For the record, I was in no way responsible for the "Di Death Pic" hoax... but I know who was, an a.b.p.g regular. It was an accidental hoax anyhow, it was not meant to be taken seriously. We didn't know lurkers would forward it without the disclaimer.
Subject is incorrect (Score:2)
Seems to happen every 2 or 3 years. Nothing new here.
two thoughts: (Score:4, Insightful)
1. The folks interested in these things will definitely find other places to congregate, but here's the key: possibly not at reddit.

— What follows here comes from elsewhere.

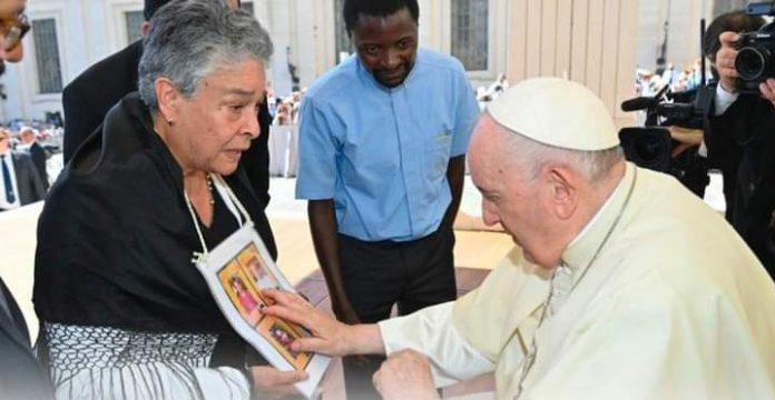 Dicho encuentro se realizó con la compañía de representantes de la Provincia Mexicana de la Compañía de Jesús así como el Centro de Derechos Humanos Miguel Agustín Pro Juárez y dónde el Papa la bendijo a ella y a las madres mexicanas que continúan en la búsqueda de sus desaparecidos.

Which is reddit's goal.
2. In terms of it being Whac-a-Mole, it shouldn't be too hard if they implement a user-based reporting / flagging system. Let your users flag suspect subreddits, then every day a reddit employee looks at the top few "most redported" and determines if they meet the criteria for removal. Users who abuse the flagging system lose the ability to flag.
I'm so happy (Score:2)
I adblock reddit.
This is vile and deceitful on Reddit's part (Score:2)
Lawful speech people don't like is still free speech.
Announcing a new policy is fine.... disrupting communities and purging content within hours of the announcement is not.
The proper thing is to allow those subs time to modify their rules and require submissions to conform to the new policies or
decide to move elsewhere WITH REASONABLE NOTICE, As in 30 days notice, not 5 minutes notice.
Community defines standards (Score:4, Interesting)
The take-home to me is that groups online should define and enforce their standards; doing so will determine what sort of people participate and whether the site is a "cess pool". Seems obvious now.
Glorifying violence (Score:3)
Good job Reddit, that'll really give those NAZI's a black eye. ....wait.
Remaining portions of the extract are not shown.